A Lady’s Secret by Sarita Leone

A Lady’s Secret by Sarita Leone
Publisher: The Wild Rose Press
Genre: Historical
Heat Rating: Sensual
Length: Full Length (219 pages)
Rating: 3.5 stars
Reviewed by Camellia

Aghast that she fell into the arms of a scurrilous rake, Lady Amy Spencer tries to find a solution that will save not only her pride but her reputation as well.

Lord Oliver Gregory realizes as he watches from afar that his childhood friend is no longer a child and his affections have changed.

Can love bloom among the roses, or will the past ruin any chance for a happy future?

A Lady’s Secret is a gentle love story that is in the undercurrent, but foreshadowing lets the reader know it is there just waiting to bubble out at an emotional time. The ebb and flow of the writing makes this story a pleasure to read. It entices one away from the modern world and into seventeenth century England.

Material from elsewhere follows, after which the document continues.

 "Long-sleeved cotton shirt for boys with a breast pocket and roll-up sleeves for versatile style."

Gracious me, honest communication could have saved these likeable characters a lot of grief and worry, but then we would have missed the fun of the conflict, and how they finally get up enough courage to speak and the results that follows.

How to understand the workings of women’s minds totally eludes Lord Oliver Gregory. He has a house full of women he feels responsible for. His misspent youth had not prepared him for his “lordly” duties, duties that he now takes very seriously. His story is somewhat a “rite of passage” story. His best friend and manservant is his mainstay as he navigated this passage and continues to be a tried and true friend a he sorts out a doings of the women he cares about.

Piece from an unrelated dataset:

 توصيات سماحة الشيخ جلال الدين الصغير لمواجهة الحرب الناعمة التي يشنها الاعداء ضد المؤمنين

Oliver is ever so grateful for his contented, efficient mother who keeps the household running smoothly. He senses something is not quite as it should be with his sister and her new husband Nick, the Duke of Waterford. The two family friends, Miranda and Amy Spencer, who are staying with them, keeps Oliver on his toes. Miranda, the bluestocking sister, is besotted with him—how to stay her friend and not get trapped into marriage is tricky business. Amy, usually so independent, adventurous, fun-loving and smiling, has become tired, worried, sad, sick, and weepy. Moreover, she declares “all men are liars” not to be trusted. Talk about a tangled web to unravel—entertaining reading indeed. Bridget, the maid, is another issue. WOMEN!

What’s a man to do? Plus, he finds himself in love—a brand new experience for him. How he manages to win her love makes most enjoyable reading.

This is the third book in A Willowbrook Manor series, but it stands alone beautifully.